**DATA BLOCK**
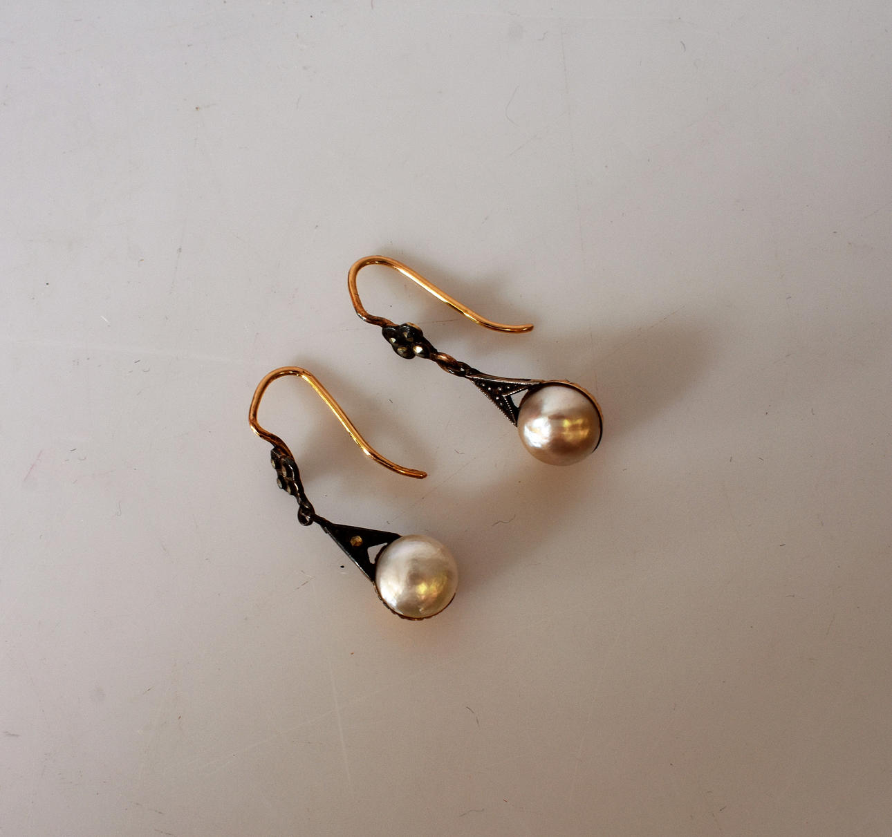 1641046. ÖRHÄNGE pärlor, förgyllt silver.
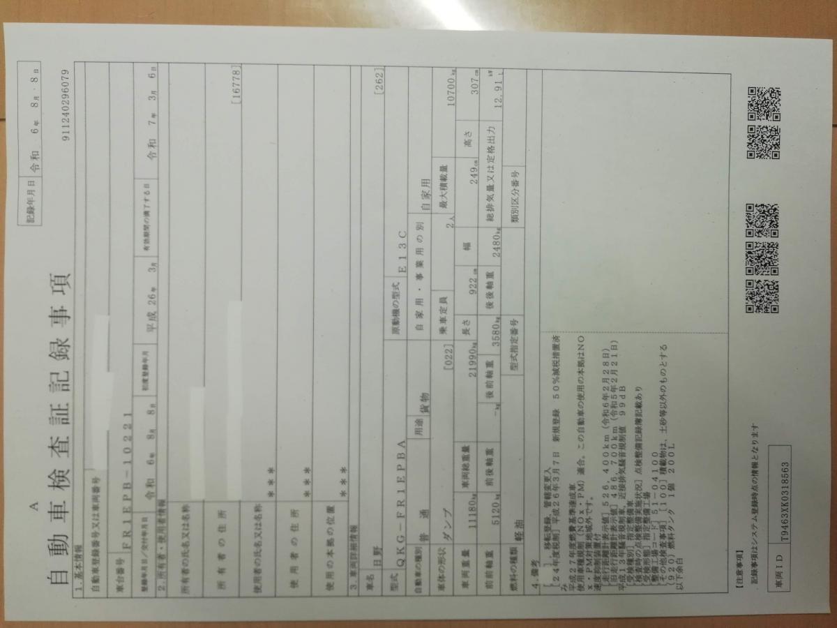 | 型 式 | QKG-FR1EPBA | 車台番号 | FR1EPB-1**** | ||||||||||||
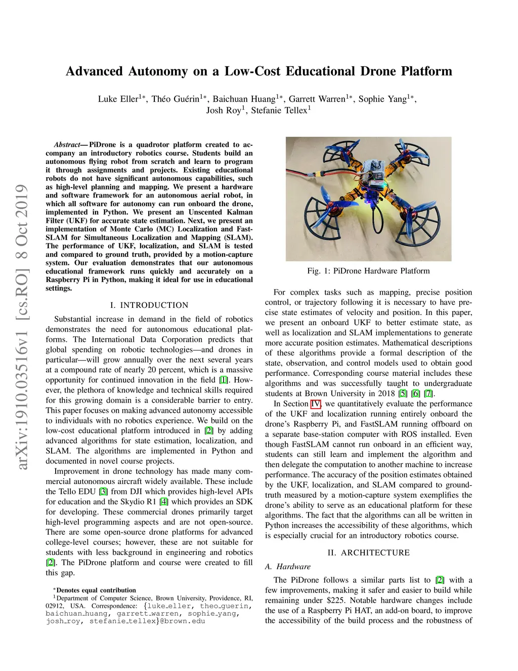 PiDrone is a quadrotor platform created to accompany an introductory robotics course. Students build an autonomous flying robot from scratch and learn to program it through assignments and projects. Existing educational robots do not have significant autonomous capabilities, such as high-level planning and mapping. We present a hardware and software framework for an autonomous aerial robot, in which all software for autonomy can run onboard the drone, implemented in Python. We present an Unscented Kalman Filter (UKF) for accurate state estimation. Next, we present an implementation of Monte Carlo (MC) Localization and FastSLAM for Simultaneous Localization and Mapping (SLAM). The performance of UKF, localization, and SLAM is tested and compared to ground truth, provided by a motion-capture system. Our evaluation demonstrates that our autonomous educational framework runs quickly and accurately on a Raspberry Pi in Python, making it ideal for use in educational settings.
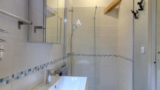 Erdgeschoss: große offene Küche, ein Schlafzimmer (140 x 190 cm) mit Duschbad und WC, ein Flur, ein Hauptschlafzimmer (160 x 200 cm) mit Ankleidezimmer und eigenem Duschbad mit Badewanne. Separates WC.

**WHAT TO PRODUCE**
Please print all the data above word for word. Pictures should not appear in the copy.

**EXERCISE RESPONSE**
 1641046. ÖRHÄNGE pärlor, förgyllt silver.
 | 型 式 | QKG-FR1EPBA | 車台番号 | FR1EPB-1**** | ||||||||||||
 PiDrone is a quadrotor platform created to accompany an introductory robotics course. Students build an autonomous flying robot from scratch and learn to program it through assignments and projects. Existing educational robots do not have significant autonomous capabilities, such as high-level planning and mapping. We present a hardware and software framework for an autonomous aerial robot, in which all software for autonomy can run onboard the drone, implemented in Python. We present an Unscented Kalman Filter (UKF) for accurate state estimation. Next, we present an implementation of Monte Carlo (MC) Localization and FastSLAM for Simultaneous Localization and Mapping (SLAM). The performance of UKF, localization, and SLAM is tested and compared to ground truth, provided by a motion-capture system. Our evaluation demonstrates that our autonomous educational framework runs quickly and accurately on a Raspberry Pi in Python, making it ideal for use in educational settings.
 Erdgeschoss: große offene Küche, ein Schlafzimmer (140 x 190 cm) mit Duschbad und WC, ein Flur, ein Hauptschlafzimmer (160 x 200 cm) mit Ankleidezimmer und eigenem Duschbad mit Badewanne. Separates WC.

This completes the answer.